Thursday, January 26, 2012



Here's Lord William for 12_29. Just the raw frames - no cropping or tonemapping or nothing.

I'm trying to avoid doing any post work beyond what is necessary to finish the scene. Fooling around with the footage wastes alot of time. That aside, I am doing a little bit of post, just to keep morale up.


Threw on some excessive reverb. And put in a rough sound effect.


Lord William is just a still in this test. I've since animated him. The HDR is a bit much on Cornelisz, but I have a plan for that. There's heavy HDR on the close up shots of Cornelisz, which I did cause he looks less crappy that way. So I have to match the wider Cornelisz shots with the close ups. But the same level of HDR tonemapping looks excessive. So I rendered out alternate versions of the wider shots, with almost no tonemapping. I'm going to overlay those versions on the HDR ones and carefully lower the opacity to blend them, and hopefully find a good middle ground.

Saturday, January 21, 2012

Dude, relax from Band Sinistre on Vimeo.



Couple test clips from Scene 12. I'm avoiding doing post work on it. Dont wanna waste any time with redundant post work on an inferior computer. Just sticking to the minimum to ensure everything is workable. I'll do the proper post in one go after everything is shot.

Quit Yelling at Me from Band Sinistre on Vimeo.

Friday, January 20, 2012


More practical storyboards. And a sample chart; the type I use to animate dialogue. I thought it looked a bit Lee Valley-ish, so I sepiatoned the sumbitch. The dialogue is pretty easy, as the puppets only move their mouths up and down. Flap flap flap.
The top part of the picture is a storyboard made while staring into space and drinking beer. And for grants. The bottom pic is a practical, business storyboard. Spot the difference.

Tuesday, January 10, 2012



Here's some more. This took 9 seconds to do.

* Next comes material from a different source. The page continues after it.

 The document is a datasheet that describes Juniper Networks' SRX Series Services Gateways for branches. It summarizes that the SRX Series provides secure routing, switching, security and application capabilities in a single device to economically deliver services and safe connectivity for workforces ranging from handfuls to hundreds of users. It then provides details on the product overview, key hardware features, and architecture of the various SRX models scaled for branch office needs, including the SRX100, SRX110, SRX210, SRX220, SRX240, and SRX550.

Carriages sure have a lot of shit.

Monday, January 09, 2012

Glad we (I) finally stopped goofing around and recorded a professional voice actor for the part of Lord William. Working with a pro is a much different experience than working with a 'pretty-good but not quite a pro' actor. This dude (who also played the main character, Cornelisz) brought all sorts of background to Lord William that didn't even occur to me in any concrete fashion. And these aspects of his character also made the plot make more sense. Fifteen minutes of character investigation by a true pro built an iron foundation for our formerly slightly shaky plot line. Hot damn. The man doesn't do anything less than a rock-solid take, ever. He only gives subtle variations of intonation that may or may not be appropriate for the scene, and can only be inferred from careful study of the context. It takes a year of listening to his work to appreciate the subtlety of the work he gave you.

What i'm trying to say is, I like the guy.

http://en.wikipedia.org/wiki/Michael_Dobson_%28actor%29

Dude was in Death Note. Fuckin' tight.


Things are motoring along pretty quickly. Finished another short scene, shot the backgrounds for three other scenes, and shot most of the animated carriage. A few different loops, to go with the horse. It's not very efficient for me to be rendering that stuff out, so not much to post.

We burned us up some black paper. Shot it with a couple still cameras, shooting as fast as possible. It didn't work very well, as the flames were moving way too fast. I stumbled on a neat After Effects trick though. Works pretty good. I think this is how we're going to do the fire. It would be easy enough to shoot real-time fire with an HD camera, but we thought it would look too real. Not hand-made enough.

We also finally rerecorded the VO for Lord William. Sure glad we did. We all got schooled on what it means to be a pro.

Monday, January 02, 2012

The deadline is approaching for the film. I'm working all the time on the thing. No days off. Not posting much though; every hour devoted to doing practical things counts.


HOLY SHIT A HORSE

It's not the best animation in the world (gonna do another take), but it doesn't look stupid. It's a miracle. The horse was always a lurking problem in the back of my mind - the key prop in the film is a carriage. And a carriage has to be pulled by horses. Can't really cheat that. But surprisingly, the horse only took about a day and a half to make. And I got passable animation on the second try. Far out.